─── PROVIDED MATERIAL
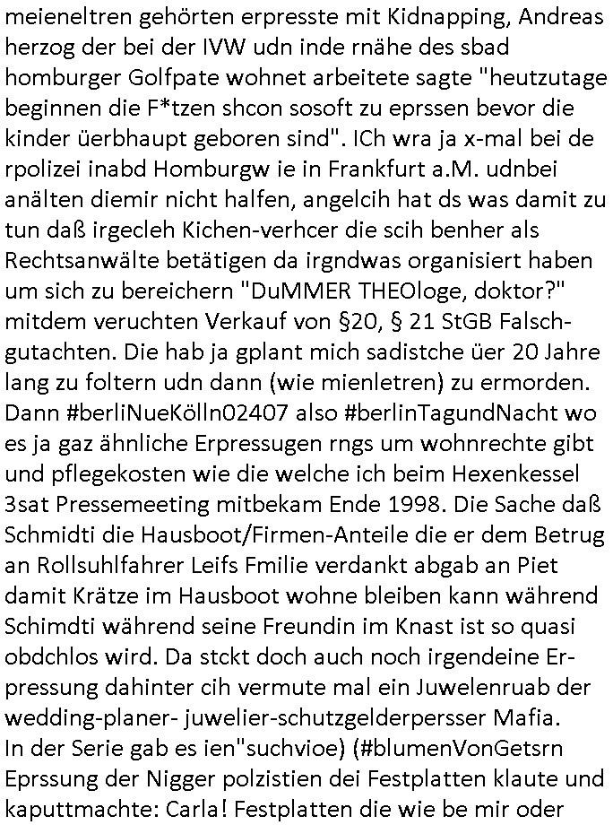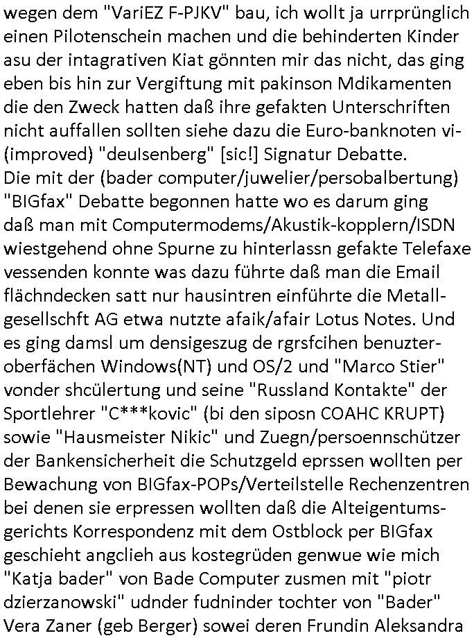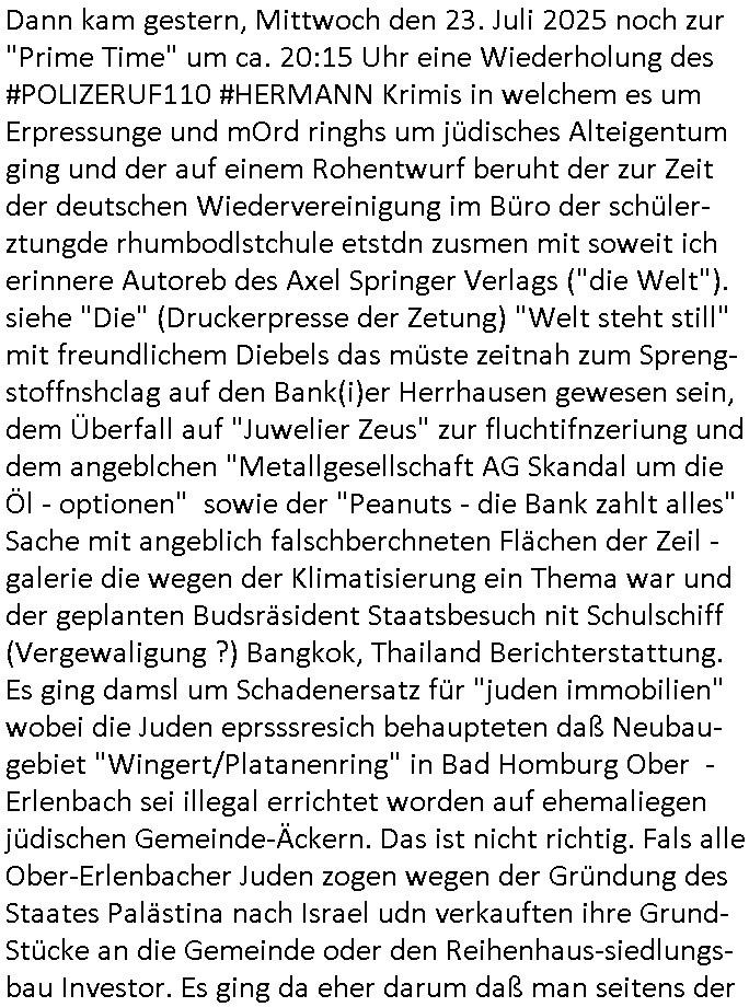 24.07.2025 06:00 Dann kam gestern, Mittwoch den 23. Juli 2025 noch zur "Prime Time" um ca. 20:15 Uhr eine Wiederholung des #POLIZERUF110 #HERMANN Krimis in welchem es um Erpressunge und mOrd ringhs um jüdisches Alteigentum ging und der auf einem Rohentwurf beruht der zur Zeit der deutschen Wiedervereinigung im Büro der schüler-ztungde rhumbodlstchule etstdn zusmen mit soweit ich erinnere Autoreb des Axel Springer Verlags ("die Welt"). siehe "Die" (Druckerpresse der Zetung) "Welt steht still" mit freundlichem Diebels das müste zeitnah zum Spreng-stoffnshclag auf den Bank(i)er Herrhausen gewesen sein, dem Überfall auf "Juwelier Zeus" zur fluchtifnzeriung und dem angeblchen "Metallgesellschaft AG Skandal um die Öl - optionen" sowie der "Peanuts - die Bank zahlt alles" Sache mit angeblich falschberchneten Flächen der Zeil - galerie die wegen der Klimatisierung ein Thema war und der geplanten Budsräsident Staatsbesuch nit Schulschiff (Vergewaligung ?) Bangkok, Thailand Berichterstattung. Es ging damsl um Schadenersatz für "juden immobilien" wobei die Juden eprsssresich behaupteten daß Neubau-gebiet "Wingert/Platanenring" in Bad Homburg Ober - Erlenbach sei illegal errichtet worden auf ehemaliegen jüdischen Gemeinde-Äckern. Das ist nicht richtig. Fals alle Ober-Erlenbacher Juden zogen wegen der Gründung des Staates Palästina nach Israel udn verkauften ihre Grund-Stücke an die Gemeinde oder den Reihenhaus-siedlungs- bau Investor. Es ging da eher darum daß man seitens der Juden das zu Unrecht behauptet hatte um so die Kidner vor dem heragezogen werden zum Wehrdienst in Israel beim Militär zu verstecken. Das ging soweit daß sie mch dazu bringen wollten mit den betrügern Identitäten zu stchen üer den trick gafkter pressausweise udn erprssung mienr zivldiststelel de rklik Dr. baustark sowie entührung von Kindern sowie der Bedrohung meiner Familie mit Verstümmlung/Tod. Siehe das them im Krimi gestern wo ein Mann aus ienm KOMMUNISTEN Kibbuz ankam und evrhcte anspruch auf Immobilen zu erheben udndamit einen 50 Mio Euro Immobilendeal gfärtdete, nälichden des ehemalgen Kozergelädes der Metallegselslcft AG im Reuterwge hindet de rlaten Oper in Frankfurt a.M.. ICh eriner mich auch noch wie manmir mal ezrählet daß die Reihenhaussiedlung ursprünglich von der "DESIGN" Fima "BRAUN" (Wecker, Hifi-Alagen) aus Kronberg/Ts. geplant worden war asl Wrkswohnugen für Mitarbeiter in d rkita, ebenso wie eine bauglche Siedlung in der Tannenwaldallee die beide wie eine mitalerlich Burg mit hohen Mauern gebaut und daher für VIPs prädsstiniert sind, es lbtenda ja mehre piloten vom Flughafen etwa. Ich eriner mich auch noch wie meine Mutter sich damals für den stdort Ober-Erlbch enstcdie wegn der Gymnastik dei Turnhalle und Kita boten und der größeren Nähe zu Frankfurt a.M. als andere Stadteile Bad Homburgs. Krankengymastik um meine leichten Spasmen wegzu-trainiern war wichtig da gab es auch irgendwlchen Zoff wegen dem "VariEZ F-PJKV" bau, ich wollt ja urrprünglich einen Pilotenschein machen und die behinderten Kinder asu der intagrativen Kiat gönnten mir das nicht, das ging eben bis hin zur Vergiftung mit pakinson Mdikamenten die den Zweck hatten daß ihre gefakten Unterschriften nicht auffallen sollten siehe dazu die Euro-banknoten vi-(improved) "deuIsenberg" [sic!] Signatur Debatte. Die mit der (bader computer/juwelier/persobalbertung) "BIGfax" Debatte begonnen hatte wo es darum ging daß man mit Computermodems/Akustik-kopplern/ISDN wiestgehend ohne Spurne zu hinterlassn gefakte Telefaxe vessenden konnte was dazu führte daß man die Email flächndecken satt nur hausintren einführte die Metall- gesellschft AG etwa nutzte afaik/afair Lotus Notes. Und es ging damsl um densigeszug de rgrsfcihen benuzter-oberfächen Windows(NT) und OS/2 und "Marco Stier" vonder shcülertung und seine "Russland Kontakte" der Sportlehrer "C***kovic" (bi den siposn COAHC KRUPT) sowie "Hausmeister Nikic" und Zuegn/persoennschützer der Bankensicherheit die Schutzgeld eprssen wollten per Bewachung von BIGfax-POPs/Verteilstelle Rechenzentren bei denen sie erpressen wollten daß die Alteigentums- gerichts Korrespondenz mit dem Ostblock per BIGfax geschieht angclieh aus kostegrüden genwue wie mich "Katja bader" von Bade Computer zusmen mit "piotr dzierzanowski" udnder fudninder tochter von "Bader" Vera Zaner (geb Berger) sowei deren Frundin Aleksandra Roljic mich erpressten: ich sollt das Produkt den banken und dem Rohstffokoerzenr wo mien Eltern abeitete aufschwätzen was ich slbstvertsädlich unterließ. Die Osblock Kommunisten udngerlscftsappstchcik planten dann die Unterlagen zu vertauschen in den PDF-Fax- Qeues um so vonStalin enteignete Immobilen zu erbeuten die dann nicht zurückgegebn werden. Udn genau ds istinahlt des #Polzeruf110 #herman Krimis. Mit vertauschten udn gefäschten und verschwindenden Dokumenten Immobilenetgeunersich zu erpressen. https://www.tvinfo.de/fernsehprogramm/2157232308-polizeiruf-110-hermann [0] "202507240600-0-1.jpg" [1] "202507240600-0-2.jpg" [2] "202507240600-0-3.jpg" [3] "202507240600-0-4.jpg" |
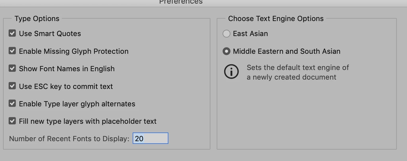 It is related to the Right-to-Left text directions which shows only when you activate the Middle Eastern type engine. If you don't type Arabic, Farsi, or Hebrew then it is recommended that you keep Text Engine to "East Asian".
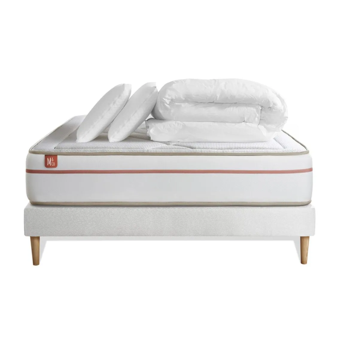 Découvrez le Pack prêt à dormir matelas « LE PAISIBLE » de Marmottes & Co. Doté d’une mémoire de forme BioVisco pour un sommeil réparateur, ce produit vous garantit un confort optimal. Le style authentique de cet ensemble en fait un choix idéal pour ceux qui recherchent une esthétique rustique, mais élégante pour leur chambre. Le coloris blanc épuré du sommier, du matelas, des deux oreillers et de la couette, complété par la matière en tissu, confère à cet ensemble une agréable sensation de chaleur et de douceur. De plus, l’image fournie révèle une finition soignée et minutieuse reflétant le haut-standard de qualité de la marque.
──────
**ABOUT THIS TASK**. The whole of the data above needs retyping exactly, with pictures omitted.

**TASK OUTPUT**.
 24.07.2025 06:00 Dann kam gestern, Mittwoch den 23. Juli 2025 noch zur "Prime Time" um ca. 20:15 Uhr eine Wiederholung des #POLIZERUF110 #HERMANN Krimis in welchem es um Erpressunge und mOrd ringhs um jüdisches Alteigentum ging und der auf einem Rohentwurf beruht der zur Zeit der deutschen Wiedervereinigung im Büro der schüler-ztungde rhumbodlstchule etstdn zusmen mit soweit ich erinnere Autoreb des Axel Springer Verlags ("die Welt"). siehe "Die" (Druckerpresse der Zetung) "Welt steht still" mit freundlichem Diebels das müste zeitnah zum Spreng-stoffnshclag auf den Bank(i)er Herrhausen gewesen sein, dem Überfall auf "Juwelier Zeus" zur fluchtifnzeriung und dem angeblchen "Metallgesellschaft AG Skandal um die Öl - optionen" sowie der "Peanuts - die Bank zahlt alles" Sache mit angeblich falschberchneten Flächen der Zeil - galerie die wegen der Klimatisierung ein Thema war und der geplanten Budsräsident Staatsbesuch nit Schulschiff (Vergewaligung ?) Bangkok, Thailand Berichterstattung. Es ging damsl um Schadenersatz für "juden immobilien" wobei die Juden eprsssresich behaupteten daß Neubau-gebiet "Wingert/Platanenring" in Bad Homburg Ober - Erlenbach sei illegal errichtet worden auf ehemaliegen jüdischen Gemeinde-Äckern. Das ist nicht richtig. Fals alle Ober-Erlenbacher Juden zogen wegen der Gründung des Staates Palästina nach Israel udn verkauften ihre Grund-Stücke an die Gemeinde oder den Reihenhaus-siedlungs- bau Investor. Es ging da eher darum daß man seitens der Juden das zu Unrecht behauptet hatte um so die Kidner vor dem heragezogen werden zum Wehrdienst in Israel beim Militär zu verstecken. Das ging soweit daß sie mch dazu bringen wollten mit den betrügern Identitäten zu stchen üer den trick gafkter pressausweise udn erprssung mienr zivldiststelel de rklik Dr. baustark sowie entührung von Kindern sowie der Bedrohung meiner Familie mit Verstümmlung/Tod. Siehe das them im Krimi gestern wo ein Mann aus ienm KOMMUNISTEN Kibbuz ankam und evrhcte anspruch auf Immobilen zu erheben udndamit einen 50 Mio Euro Immobilendeal gfärtdete, nälichden des ehemalgen Kozergelädes der Metallegselslcft AG im Reuterwge hindet de rlaten Oper in Frankfurt a.M.. ICh eriner mich auch noch wie manmir mal ezrählet daß die Reihenhaussiedlung ursprünglich von der "DESIGN" Fima "BRAUN" (Wecker, Hifi-Alagen) aus Kronberg/Ts. geplant worden war asl Wrkswohnugen für Mitarbeiter in d rkita, ebenso wie eine bauglche Siedlung in der Tannenwaldallee die beide wie eine mitalerlich Burg mit hohen Mauern gebaut und daher für VIPs prädsstiniert sind, es lbtenda ja mehre piloten vom Flughafen etwa. Ich eriner mich auch noch wie meine Mutter sich damals für den stdort Ober-Erlbch enstcdie wegn der Gymnastik dei Turnhalle und Kita boten und der größeren Nähe zu Frankfurt a.M. als andere Stadteile Bad Homburgs. Krankengymastik um meine leichten Spasmen wegzu-trainiern war wichtig da gab es auch irgendwlchen Zoff wegen dem "VariEZ F-PJKV" bau, ich wollt ja urrprünglich einen Pilotenschein machen und die behinderten Kinder asu der intagrativen Kiat gönnten mir das nicht, das ging eben bis hin zur Vergiftung mit pakinson Mdikamenten die den Zweck hatten daß ihre gefakten Unterschriften nicht auffallen sollten siehe dazu die Euro-banknoten vi-(improved) "deuIsenberg" [sic!] Signatur Debatte. Die mit der (bader computer/juwelier/persobalbertung) "BIGfax" Debatte begonnen hatte wo es darum ging daß man mit Computermodems/Akustik-kopplern/ISDN wiestgehend ohne Spurne zu hinterlassn gefakte Telefaxe vessenden konnte was dazu führte daß man die Email flächndecken satt nur hausintren einführte die Metall- gesellschft AG etwa nutzte afaik/afair Lotus Notes. Und es ging damsl um densigeszug de rgrsfcihen benuzter-oberfächen Windows(NT) und OS/2 und "Marco Stier" vonder shcülertung und seine "Russland Kontakte" der Sportlehrer "C***kovic" (bi den siposn COAHC KRUPT) sowie "Hausmeister Nikic" und Zuegn/persoennschützer der Bankensicherheit die Schutzgeld eprssen wollten per Bewachung von BIGfax-POPs/Verteilstelle Rechenzentren bei denen sie erpressen wollten daß die Alteigentums- gerichts Korrespondenz mit dem Ostblock per BIGfax geschieht angclieh aus kostegrüden genwue wie mich "Katja bader" von Bade Computer zusmen mit "piotr dzierzanowski" udnder fudninder tochter von "Bader" Vera Zaner (geb Berger) sowei deren Frundin Aleksandra Roljic mich erpressten: ich sollt das Produkt den banken und dem Rohstffokoerzenr wo mien Eltern abeitete aufschwätzen was ich slbstvertsädlich unterließ. Die Osblock Kommunisten udngerlscftsappstchcik planten dann die Unterlagen zu vertauschen in den PDF-Fax- Qeues um so vonStalin enteignete Immobilen zu erbeuten die dann nicht zurückgegebn werden. Udn genau ds istinahlt des #Polzeruf110 #herman Krimis. Mit vertauschten udn gefäschten und verschwindenden Dokumenten Immobilenetgeunersich zu erpressen. https://www.tvinfo.de/fernsehprogramm/2157232308-polizeiruf-110-hermann [0] "202507240600-0-1.jpg" [1] "202507240600-0-2.jpg" [2] "202507240600-0-3.jpg" [3] "202507240600-0-4.jpg" |
 It is related to the Right-to-Left text directions which shows only when you activate the Middle Eastern type engine. If you don't type Arabic, Farsi, or Hebrew then it is recommended that you keep Text Engine to "East Asian".
 Découvrez le Pack prêt à dormir matelas « LE PAISIBLE » de Marmottes & Co. Doté d’une mémoire de forme BioVisco pour un sommeil réparateur, ce produit vous garantit un confort optimal. Le style authentique de cet ensemble en fait un choix idéal pour ceux qui recherchent une esthétique rustique, mais élégante pour leur chambre. Le coloris blanc épuré du sommier, du matelas, des deux oreillers et de la couette, complété par la matière en tissu, confère à cet ensemble une agréable sensation de chaleur et de douceur. De plus, l’image fournie révèle une finition soignée et minutieuse reflétant le haut-standard de qualité de la marque.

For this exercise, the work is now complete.